The Weight of the World


“Mary, you are going to see things that you have never seen before,” my blonde-haired friend with hazel eyes who I nickname “The golden-haired girl with a heart of gold” warned me solemnly.

She was referring to “The Midnight Run.” 

“The Midnight Run” is a collective and purposeful event and experience of individuals gathering together to prepare necessary food, toiletry supplies, and clothing to then give to the homeless at different stops in Manhattan.  Many of my friends have already gone on at least one “Midnight Run.”  My golden-haired girl with a heart of gold friend had gone to many because, as she said, “It makes me feel good to give.” 

Yes, I thought, it makes me feel good to give, too.  I also wanted to add here: “Because people have given me so much.”

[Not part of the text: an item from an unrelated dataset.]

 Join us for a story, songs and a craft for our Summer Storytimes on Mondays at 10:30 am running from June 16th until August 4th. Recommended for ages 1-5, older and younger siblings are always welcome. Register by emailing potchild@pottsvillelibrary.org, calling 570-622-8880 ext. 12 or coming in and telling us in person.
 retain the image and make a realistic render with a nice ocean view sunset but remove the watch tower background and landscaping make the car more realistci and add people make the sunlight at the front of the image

My life was and still is incredibly blessed with family and friends who were so generous and giving to me.    More often than not, I spend a lot of my alone time reflecting on my life and how the ultimate form of generosity and selflessness occurred when two of my organ donor families chose to give their loved ones kidneys when tragedy had struck them to the core.  My thoughts revolve around what my family and friends had to see when I was sick and thought that the suffering and pain was endless.  I think about this larger than life need I have to give to them and to give forward but, most of all, to account for whatever I do or say to whom. When I think about my life and all the generosity from others (and complete strangers, mind you!) that have enveloped me, I cannot fathom or understand how others cannot feel a sense of responsibility and can hurt others? 

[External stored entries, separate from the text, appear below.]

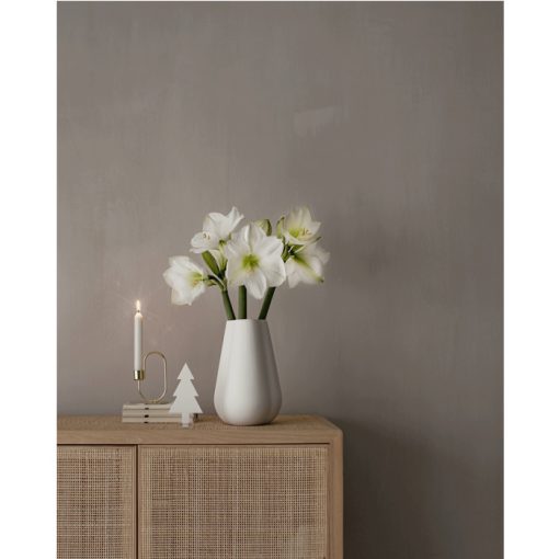 “Swoop is a light and elegant candlestick that draws threads back to the classic candlestick- with handles, but in a modern and playful shape. The handle makes it easy to move around.“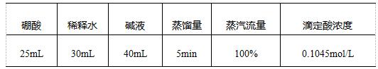 硫酸(分析純),20g/L硼酸溶液,溴甲酚綠-甲基紅混合指示劑,40%氫氧化鈉,混合催化劑壓片(3gK2SO4、0.2gCuSO4),0.1mol/L硫酸標(biāo)準(zhǔn)滴定液。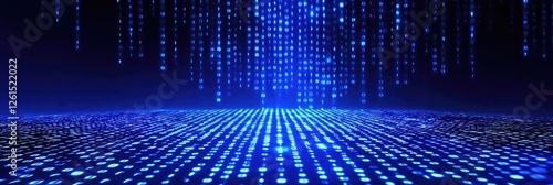 Wall mural abstract digital data stream falling onto a glowing grid.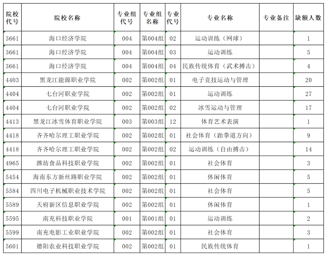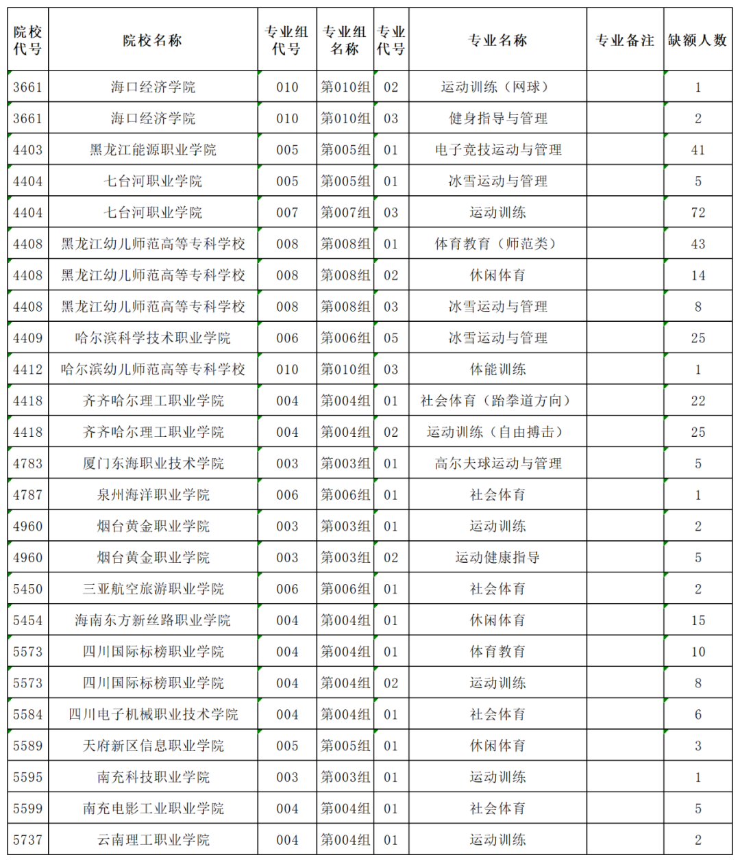 2025年普通高校招生体育类高职(专科)批征集志愿缺额计划(物理类)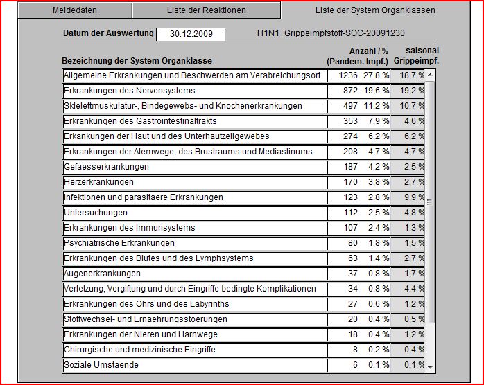 Was ich jetzt gefunden habe, ist eine Auswertung aus 2009 von der PEI mit Vergleich der damaligen Nebenwirkungen von Pandemrix im Vergleich zur Grippeimpfung.

In these last few years and outside of my dearest family members and friends, my life’s journey has crossed with remarkable individuals—mostly in the transplant community that have enhanced my life and gratitude to give forward, but also in supposedly “ordinary” individuals who have played extraordinary parts.  I believe life is a combination of personal and purposeful choices tied tightly with fate and destiny to make the meaningful and purposeful life.  I believe we are all connected in some way or somehow.  My paths crossing with so many special people have made me have a great and deep sense of responsibility to the world I live in, and that nothing that happens and no one that comes into your life or leaves your life is an accident or coincidence. 

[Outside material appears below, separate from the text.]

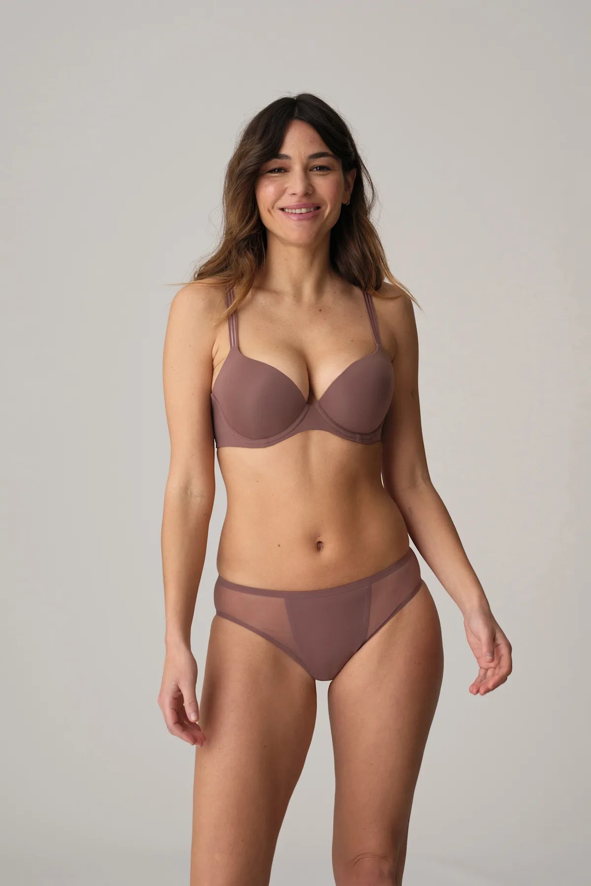 Ce nouveau soutien-gorge rembourré est la quintessence du confort. Il est fabriqué à partir de tissu spacer et recouvert d’une microfibre délicate et douce. Un soutien-gorge indispensable lors des chaudes journées d'été grâce au tissu léger et respirant. Satin Taupe est une nouvelle nuance de taupe. C'est une excellente alternative aux teintes nude traditionnelles !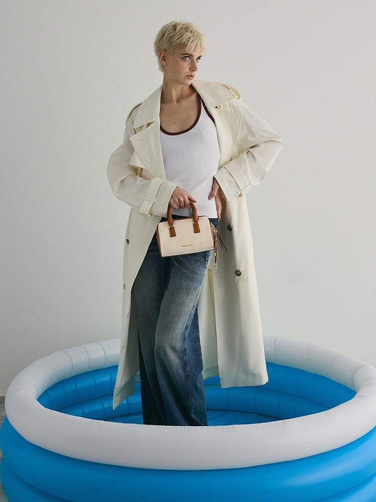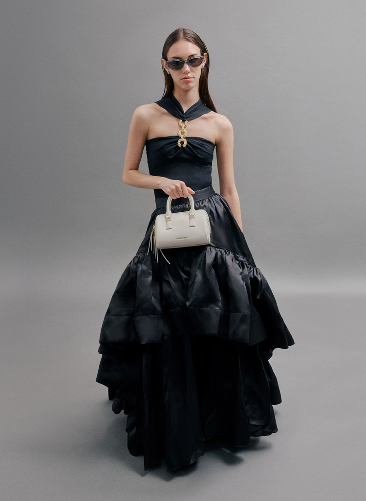 Đúng với hình bóng cổ điển, túi bowling này có đáy phẳng, đỉnh cong và quai xách đôi. Hoàn thiện với lớp hoàn thiện màu đen vượt thời gian, đây là ứng cử viên sáng giá cho trang phục hàng ngày. Điểm khác biệt của nó là dây đeo vai có thể tháo rời với thiết kế bện -- vừa có chức năng vừa bắt mắt, tạo thêm nét riêng biệt cho tổng thể diện mạo.

That night of my first experience of “Midnight Run,” the New York City lights illuminated the magic of the typical Manhattan mayhem with the contrast of people sleeping in the streets or people literally hungry for the homemade chicken soup that was brewed by a volunteer.  I saw the depths of desperation, sadness, and hopelessness mixed with a fighting spirit in their eyes.  I metaphorically felt the heavy weight of this world and how we are embedded and engulfed with personal battles that we somehow become desensitized and impersonal to the person. 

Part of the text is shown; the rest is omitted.